Can anyone tell me how to simply fade out a material? It should stay for 1 second, then fade out completely during the next 2.5 seconds.
I tried to use time as a input, connect it to the alpha of linear interpolation, A to the sample texture’s opacity (is this simply the alpha value?) and B to 0. I then connected the output of linear interpolation to the material’s opacity. But that doesn’t change anything.
I also couldn’t find a ‘fade-out’ node or something and couldn’t find any helpful ressources about that, just the usual shader rocket science.
Many thanks. But for some reason it’s not allowed to use a timeline inside of a function. I also tried to manipulate a scalar parameter via blueprint (had to create a dynamic material instance for this) but the parameter just keeps it’s default value instead.
But there is a new problem: The reference to the last decal gets overwritten each time the graph’s event gets fired. So only the LAST created footstep will fade out.
So it would make sense to extract the fade out process into a function with a call-by-value parameter for the decal reference. But that’s not possible because UE4 doesn’t allow to use a timeline inside a function…
All this would be MUCH easier if UE4 just would create a dynamic material instance automatically in the background if you set a material’s parameter the first time. It not very intuitive at the moment.
Thanks. But you still have to make that for each footprint otherwise they would all fade out at once.
So each footprint needs to be in a BP, in each BP it needs to create that own material instance and then it needs to change it every tick for each.
Lots happening then for something relatively simple. Maybe when it just transfers the current game time over to the material instance instead of updating it each tick, the material could handle the fade out by subtracting the game time parameter with the material time node. Would be hard to animate any curve though but at least the every tick update wouldn’t be needed anymore.
What should I say? You’re right. Simply fading things in and out seems to be very much work in UE4 for some reason. Sames goes for outlines. Seems like rocket science to me.
In my case I made the footprint a own BP, spawned an instance for every step but kept a reference to it. When the next footstep is spawned, I call the fade-out-and-destroy-method in the former instance before overwriting the reference.
You could bypass the need for timelines altogether by doing “Time - TimeOfStep” inside of the material.

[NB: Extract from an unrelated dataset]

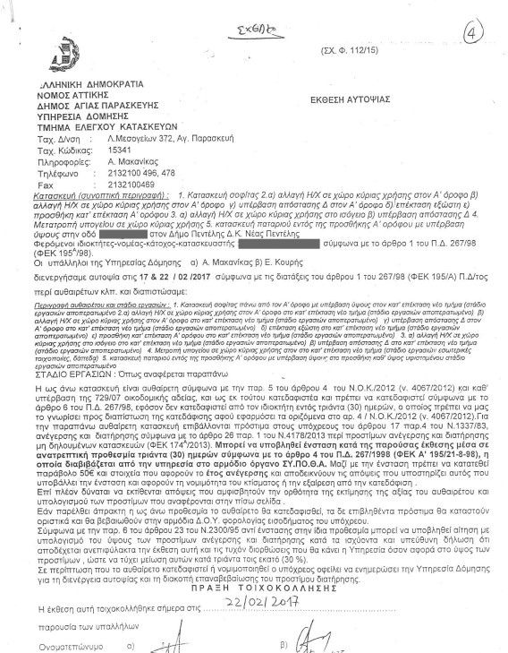 Αφού κρίθηκε κατεδαφιστέο ο συντονιστής της Αποκεντρωμένης Διοίκησης Αττικής μου έστειλε ταχυδρομικώς την έγκριση κατεδάφισης. Με αυτό λοιπόν το έγγραφο είχα το δικαίωμα να πάω στην Δήμαρχο Πεντέλης και να του γκρεμίσω το σπίτι. Ωστόσο, εμπιστεύθηκα λάθος δικηγόρο ο οποίος κράτησε το πρωτότυπο έγγραφο και δεν μου το έδωσε ποτέ πίσω, ούτε το πήγε στην Δήμαρχο Πεντέλης για να προχωρήσει η κατεδάφιση. Έτσι ο γείτονας μου και οι αστυνομικοί συνέχισαν να με απειλούν».

That way all you need to do is set “Time of Step” on the initial creation and then the fade can be calculated from the material itself. You would multiply/clamp to get that into a 0-1 range. In this way you can cheaply time fade a bunch of materials without paying the cost of ticking them all.
To get time matching the time in the material editor you need to use “get real time in in seconds”.
Unfortunately all these methods don’t really work for me because I had to alter every single material in every element slot for every mesh, every decal etc. which is just pure overkill.
It would be really, really great if there was a simple fade-out/fade-in node for actors. It’s just a common operation and it’s really way, way to clunky in the the current version of UE4.
Same goes for simple outlines which are pure rocket science ATM.
I’m having this exact problem now lol. Apparently epic takes an extremely long time to fix things. It doesn’t make any sense that you need to modify materials individually to get basic effects such as transparency.